● **Your instructions**:
Your copy should start at the line with "Závěsné svítidlo GISELLE" and end at the line with "Ing. Ľubomír Belfi" in the data below. Transcribe only those lines, exactly, pictures excluded.

————

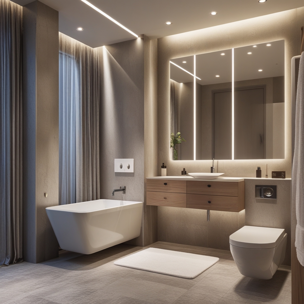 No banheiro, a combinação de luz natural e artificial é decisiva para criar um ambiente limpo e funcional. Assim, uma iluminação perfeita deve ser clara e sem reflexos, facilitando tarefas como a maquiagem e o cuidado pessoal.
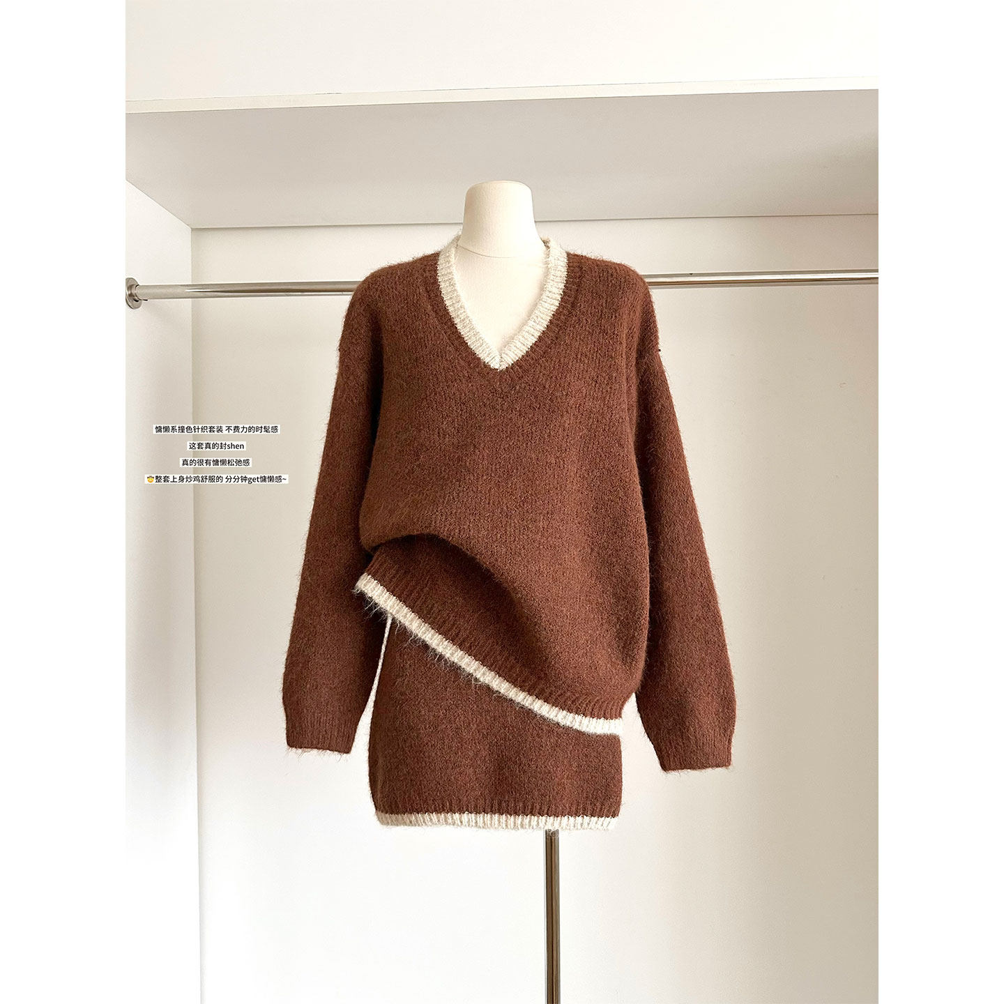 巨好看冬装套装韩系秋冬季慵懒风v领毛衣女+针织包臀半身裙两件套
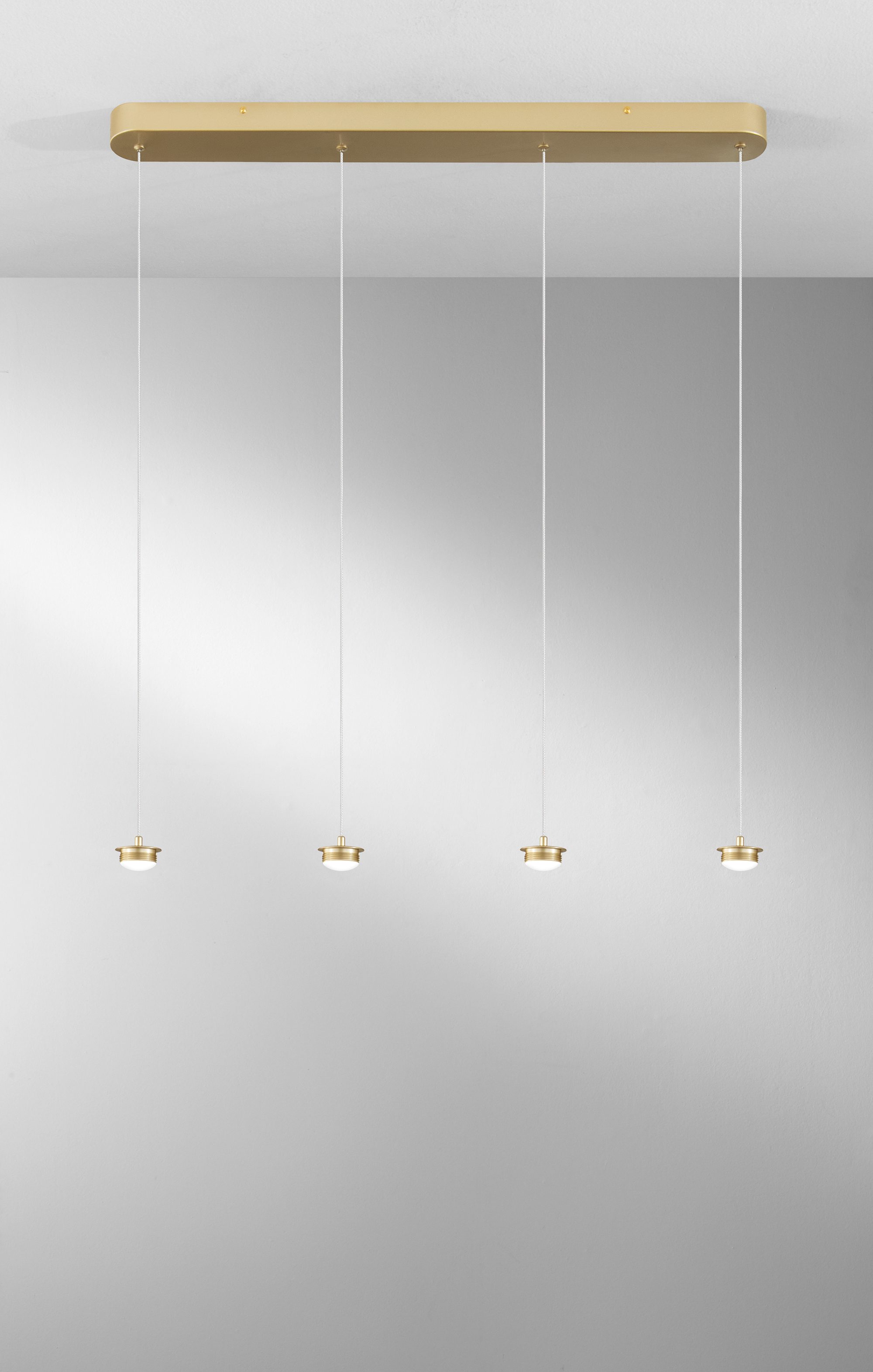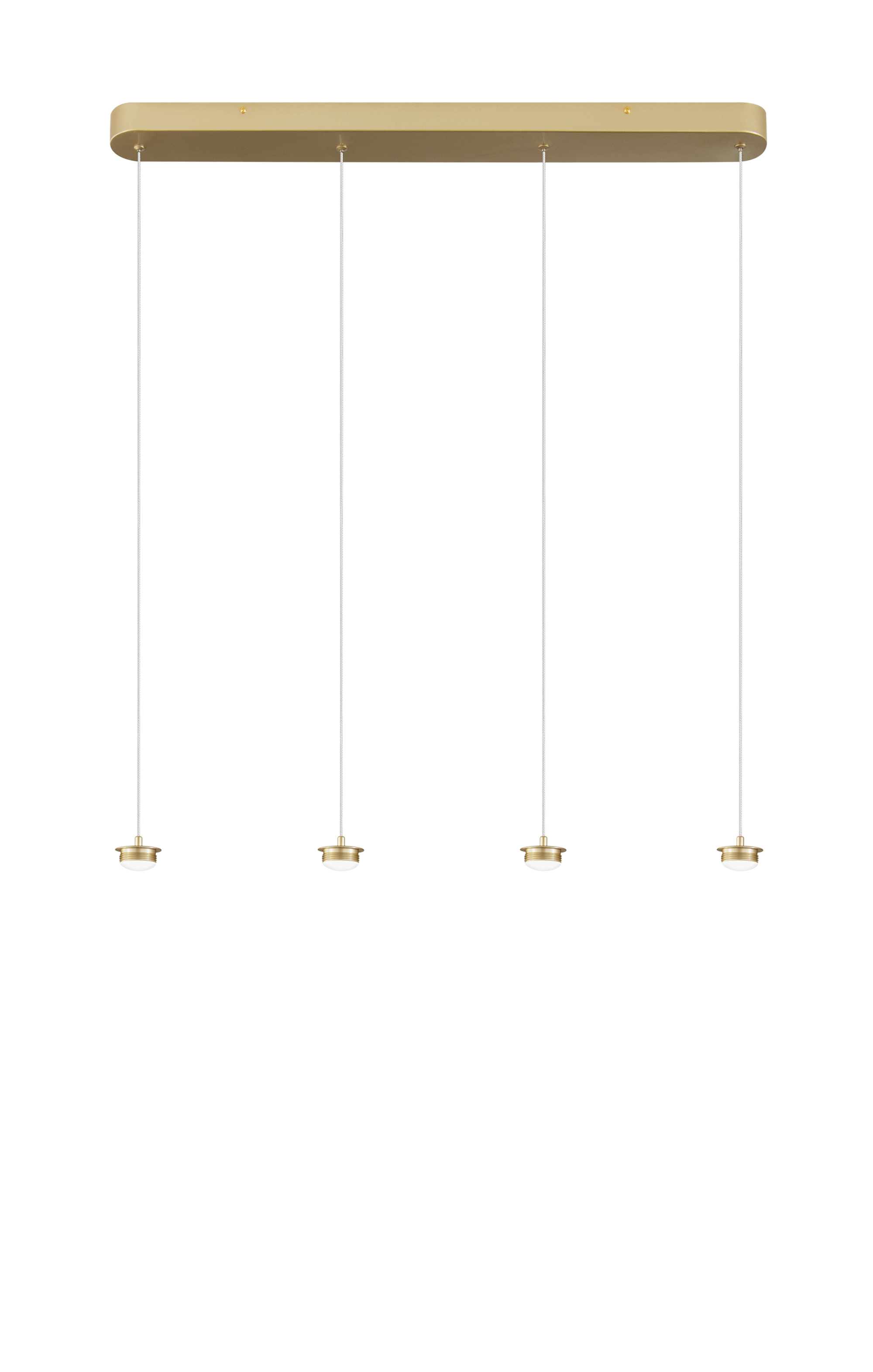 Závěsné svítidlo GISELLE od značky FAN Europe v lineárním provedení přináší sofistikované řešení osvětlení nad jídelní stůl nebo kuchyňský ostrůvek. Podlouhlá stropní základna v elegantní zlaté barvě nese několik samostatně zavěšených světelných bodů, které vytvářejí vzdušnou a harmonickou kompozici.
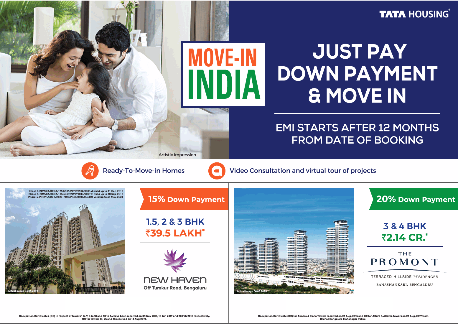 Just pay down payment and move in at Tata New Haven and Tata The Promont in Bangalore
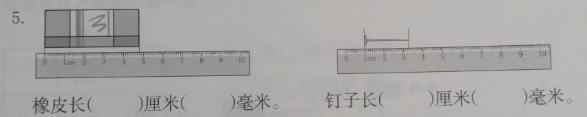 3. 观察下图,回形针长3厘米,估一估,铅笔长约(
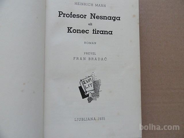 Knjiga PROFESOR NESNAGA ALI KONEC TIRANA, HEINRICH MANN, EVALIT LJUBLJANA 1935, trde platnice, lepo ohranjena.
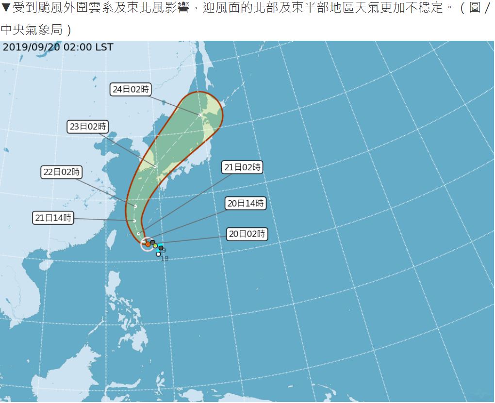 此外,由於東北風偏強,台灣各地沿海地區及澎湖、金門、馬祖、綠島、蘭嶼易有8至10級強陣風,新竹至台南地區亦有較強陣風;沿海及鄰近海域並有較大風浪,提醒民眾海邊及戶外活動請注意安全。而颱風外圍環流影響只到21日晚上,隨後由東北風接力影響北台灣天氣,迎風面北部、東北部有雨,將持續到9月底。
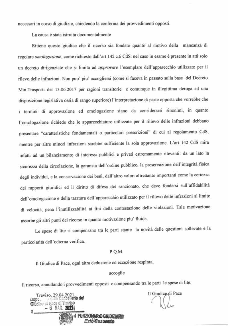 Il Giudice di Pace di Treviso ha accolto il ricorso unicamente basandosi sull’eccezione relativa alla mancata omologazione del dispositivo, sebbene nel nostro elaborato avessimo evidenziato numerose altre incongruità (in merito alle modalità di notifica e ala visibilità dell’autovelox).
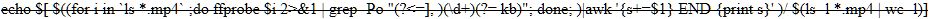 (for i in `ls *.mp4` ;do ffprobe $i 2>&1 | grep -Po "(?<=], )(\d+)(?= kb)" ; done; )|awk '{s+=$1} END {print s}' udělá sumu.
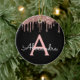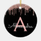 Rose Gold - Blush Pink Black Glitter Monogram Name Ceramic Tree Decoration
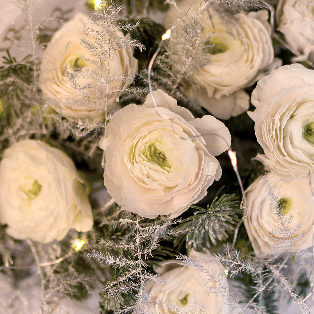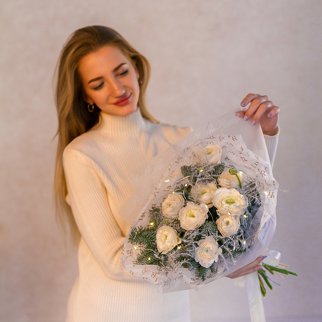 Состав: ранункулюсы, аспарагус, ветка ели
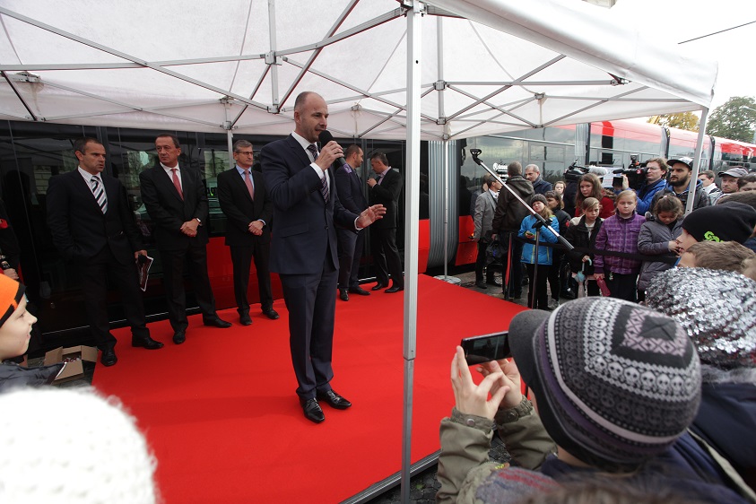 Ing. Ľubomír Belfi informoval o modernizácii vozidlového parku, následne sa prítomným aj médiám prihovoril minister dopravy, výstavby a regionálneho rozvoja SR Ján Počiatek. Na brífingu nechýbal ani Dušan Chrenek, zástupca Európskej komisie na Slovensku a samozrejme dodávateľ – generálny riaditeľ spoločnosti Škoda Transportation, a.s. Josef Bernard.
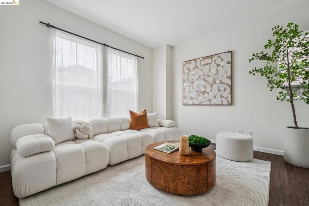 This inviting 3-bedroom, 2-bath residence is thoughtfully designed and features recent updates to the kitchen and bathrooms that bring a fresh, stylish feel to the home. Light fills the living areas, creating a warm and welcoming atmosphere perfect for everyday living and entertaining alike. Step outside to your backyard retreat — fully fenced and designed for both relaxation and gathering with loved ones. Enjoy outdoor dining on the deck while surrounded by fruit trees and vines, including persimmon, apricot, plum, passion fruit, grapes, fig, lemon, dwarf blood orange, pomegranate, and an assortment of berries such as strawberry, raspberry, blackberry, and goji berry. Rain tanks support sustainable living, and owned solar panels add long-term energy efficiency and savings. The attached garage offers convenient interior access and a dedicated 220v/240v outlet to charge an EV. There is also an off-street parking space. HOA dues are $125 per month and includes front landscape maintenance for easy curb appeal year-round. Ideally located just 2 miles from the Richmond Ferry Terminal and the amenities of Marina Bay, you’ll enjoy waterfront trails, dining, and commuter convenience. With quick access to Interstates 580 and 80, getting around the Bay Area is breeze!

————

● **Expected output**:
 Závěsné svítidlo GISELLE od značky FAN Europe v lineárním provedení přináší sofistikované řešení osvětlení nad jídelní stůl nebo kuchyňský ostrůvek. Podlouhlá stropní základna v elegantní zlaté barvě nese několik samostatně zavěšených světelných bodů, které vytvářejí vzdušnou a harmonickou kompozici.
 Just pay down payment and move in at Tata New Haven and Tata The Promont in Bangalore
 3. 观察下图,回形针长3厘米,估一估,铅笔长约(
 Knjiga PROFESOR NESNAGA ALI KONEC TIRANA, HEINRICH MANN, EVALIT LJUBLJANA 1935, trde platnice, lepo ohranjena.
 此外,由於東北風偏強,台灣各地沿海地區及澎湖、金門、馬祖、綠島、蘭嶼易有8至10級強陣風,新竹至台南地區亦有較強陣風;沿海及鄰近海域並有較大風浪,提醒民眾海邊及戶外活動請注意安全。而颱風外圍環流影響只到21日晚上,隨後由東北風接力影響北台灣天氣,迎風面北部、東北部有雨,將持續到9月底。
 Il Giudice di Pace di Treviso ha accolto il ricorso unicamente basandosi sull’eccezione relativa alla mancata omologazione del dispositivo, sebbene nel nostro elaborato avessimo evidenziato numerose altre incongruità (in merito alle modalità di notifica e ala visibilità dell’autovelox).
 (for i in `ls *.mp4` ;do ffprobe $i 2>&1 | grep -Po "(?<=], )(\d+)(?= kb)" ; done; )|awk '{s+=$1} END {print s}' udělá sumu.
 Rose Gold - Blush Pink Black Glitter Monogram Name Ceramic Tree Decoration
 Состав: ранункулюсы, аспарагус, ветка ели
 Ing. Ľubomír Belfi informoval o modernizácii vozidlového parku, následne sa prítomným aj médiám prihovoril minister dopravy, výstavby a regionálneho rozvoja SR Ján Počiatek. Na brífingu nechýbal ani Dušan Chrenek, zástupca Európskej komisie na Slovensku a samozrejme dodávateľ – generálny riaditeľ spoločnosti Škoda Transportation, a.s. Josef Bernard.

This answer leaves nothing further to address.